Nicholas Craven abides by a formula that has seen him become a traditionalist’s ideal producer. Emboldened by the last decade’s wave of revivalist East Coast rap, he builds from the blueprints of the mid-‘90s and reinterprets them to deftly balance grit with grandeur, allowing a murderer’s row of post-boom bap raconteurs to shine. Despite some sumptuous instrumental tapes, including an early career trilogy steered by Françoise Hardy’s enchanting alto, he’s always preferred collaborative art over solo projects. Simply put, Craven just wants to cement his legacy as the go-to beatmaker for the sharpest MCs around.

Ever since he formed a punk band back in elementary school, Craven’s always maintained a studious passion for making music. His formative years growing up in Gatineau — a small city in Western Quebec — saw him enroll in countless lessons, concoct riffs and melodies for his group, and dedicate hours listening to albums by Jimi Hendrix, The Doors, and other rock acts from the ‘70s onwards. It wasn’t until he became a teenager that he got into hip hop via a friend’s older brother, who introduced him to Ghostface and Raekwon and showed him how to create the type of beats that his new favorites rapped to. From there, he would dig into the crates and dissect at least five records a day, ranging from ‘60s soul to French chanson, and explore ways he could infuse them into his own music. Given his home province’s multi-cultural makeup, he’d also be exposed to sounds from all over the world, experimenting with samples from Lebanese folk to Algerian rai.

It was through linkups with like-minded local rappers upon moving to Montreal in the early 2010s that Craven developed a fondness for beats heavy on samples but light on drums. His woozy style owes as much to the Charles Aznavour and the Motown that he heard growing up as it does to Only Built for Cuban Linx and Donuts. Splicing together stripped-down blues and jazz loops with chopped-up luxe soul, his symphonic sound became synonymous with cinematic street rap. His production is the soundtrack to 2 a.m. laments with Courvoisier and cigarettes, suspicious stares on a cold winter night, or long drives down winding roads.

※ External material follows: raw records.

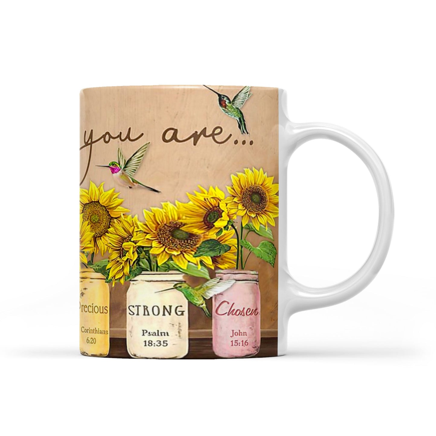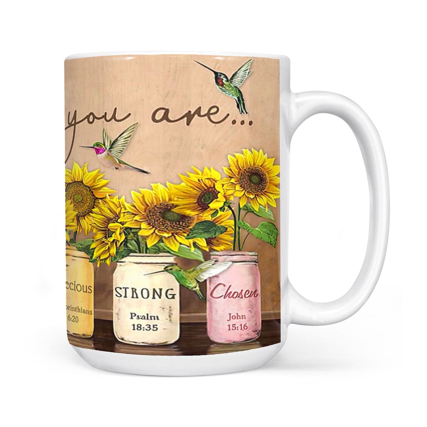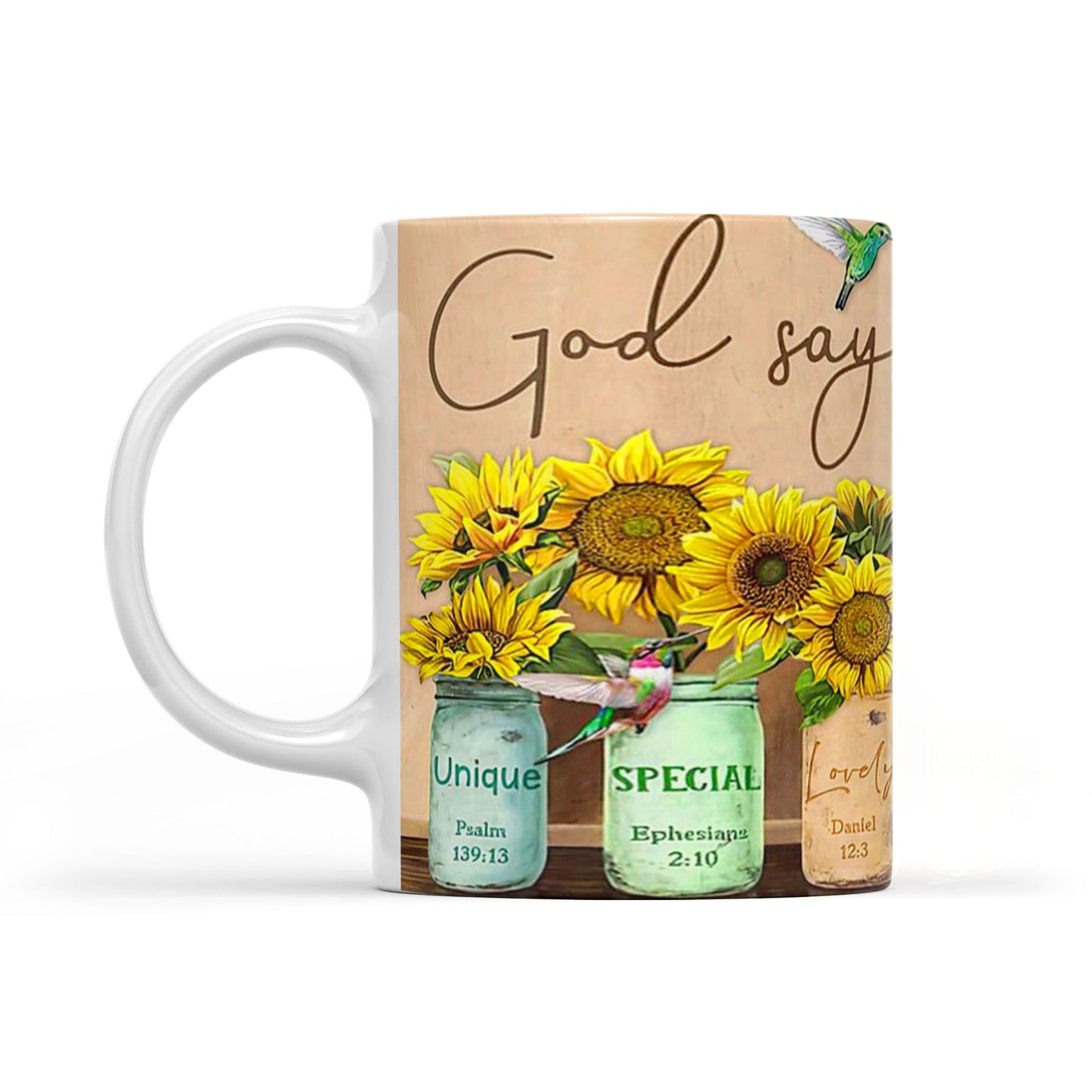 God says you are Unique special lovely precious strong chosen Sunflower White Edge-to-Edge Mug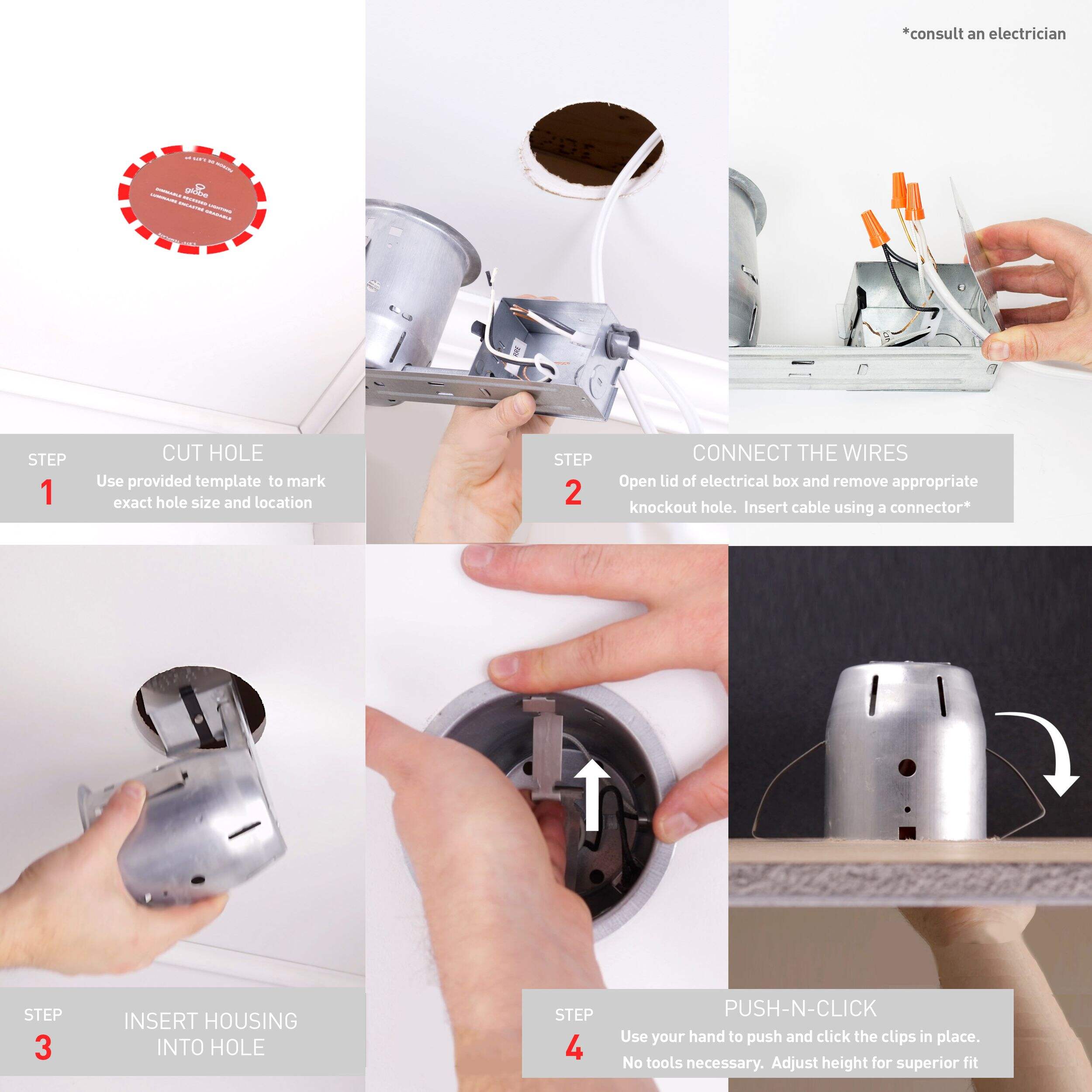 These ten recessed lights will shine up your home in brushed nickel style. Featuring PUSH-N-CLICK clips for tool-free installation onto uneven surfaces. swivel GU10 light bulbs let you focus light where you need it and an integrated cut-off switch prevents overheating. Works with dimmer switches sold separately. Buy 50-watt equivalent GU10 light bulbs separately. Cut a 3.88 inch hole for easy installation.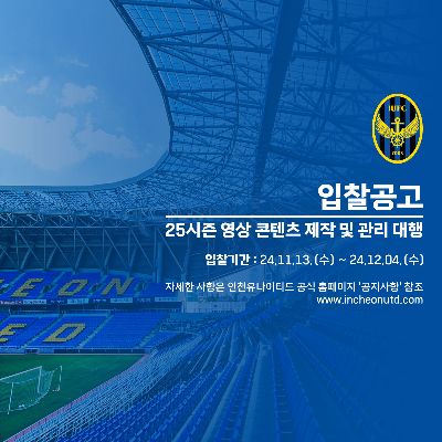 [입찰공고] 2025 인천유나이티드 영상 제작 및 관리 대행용역

Tha God Fahim was the first rapper south of the Canada-US border to acknowledge Craven’s talents, having been one of several underground names originally sent beat packs from the then-unknown producer. He would later discard his strategy of mailing burnt CDs to labels like Stones Throw and then switch to deliberately targeting indie favorites such as Hus Kingpin and a pre-mainstream Griselda, leading to some major online buzz. The Dump Gawd eventually opened doors to the rest of his stylistic peers, as Your Old Droog’s intricate punchlines and Mach-Hommy’s cryptic hieroglyphs found another backdrop to flesh out their complex narratives. More recently, artists as varied as Armand Hammer, Navy Blue, and Ransom got Craven to score some of their finest work, and a nostalgic appreciation for the mid-2000s’ mixtape age led him to produce tracks for Planet Asia, Styles P, and Evidence.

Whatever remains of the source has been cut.